Last week, two real-estate projects in the Chicago tradition of “make no little plans” took some giant steps forward, as both plans won approval from the city’s Plan Commission. One is the ongoing proposal to build a twisting 150-story condo tower-the architect Santiago Calatrava’s Chicago Spire-just north of the Chicago River and west of Lake Shore Drive. Plans for the tower are in their fourth incarnation since the original developer, Christopher Carley, unveiled a rendering of the building in July 2005. (Garrett Kelleher’s Dublin-based Shelbourne Development is now handling the project.) A subsequent redesign made the building look like a stumpy version of the architect’s initial curvaceous beauty, but the latest version brought some sexiness back to the design. On April 19th, the commission gave its unanimous approval to the latest plan; it now goes before the City Council’s zoning committee on April 26th, and from there to the full council in May.

At the same meeting, the Plan Commission also approved a proposal by Walton Street Capital to put offices, condos, hotel rooms, and parking in the mammoth old Main Post Office that hangs over the Congress Expressway just west of the South Branch of the Chicago River. The 2.5-million-square-foot structure, built in 1921 (with a 1933 addition), has stood empty for almost 11 years, since the United States Postal Service moved into a new facility immediately south of it. During those years, proposals surfaced to put everything from an Ikea store to a casino to an auto mall in the architectural white elephant. Walton Street plans to remove almost a third of the building’s gargantuan mass, leaving two end towers and a low section between them that will house the hotel.

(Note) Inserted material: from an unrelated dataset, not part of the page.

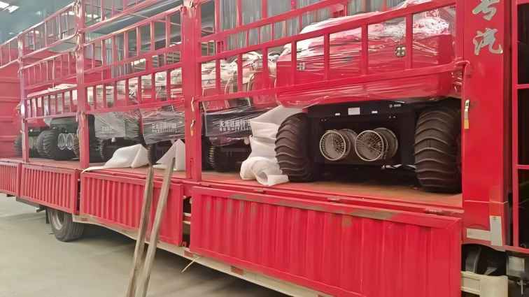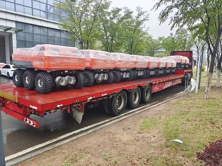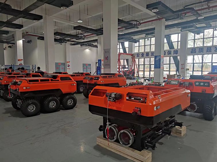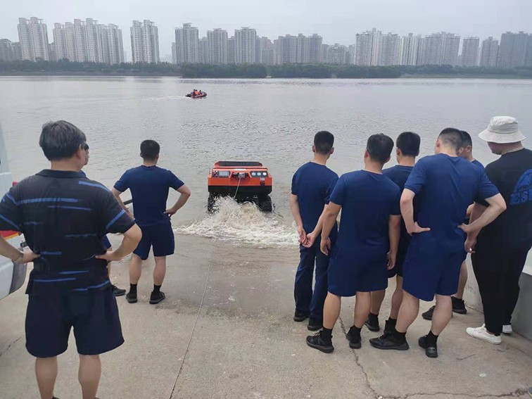 水陸兩棲 采用6×6輪式,液壓驅動,水陸兩棲,可全地形行駛??稍谒掀⌒羞M,適合多種救援場景。

The Spire and the post office have different fundamentals. Potentially an instant landmark-and, if built, the tallest building in the Americas-the Spire would put about 1,200 condos along a very desirable stretch of lakefront; the mixed-use, rehabbed post office would drop 300 condos into an area not yet established as a residential neighborhood. Construction on both projects is slated to begin later this year.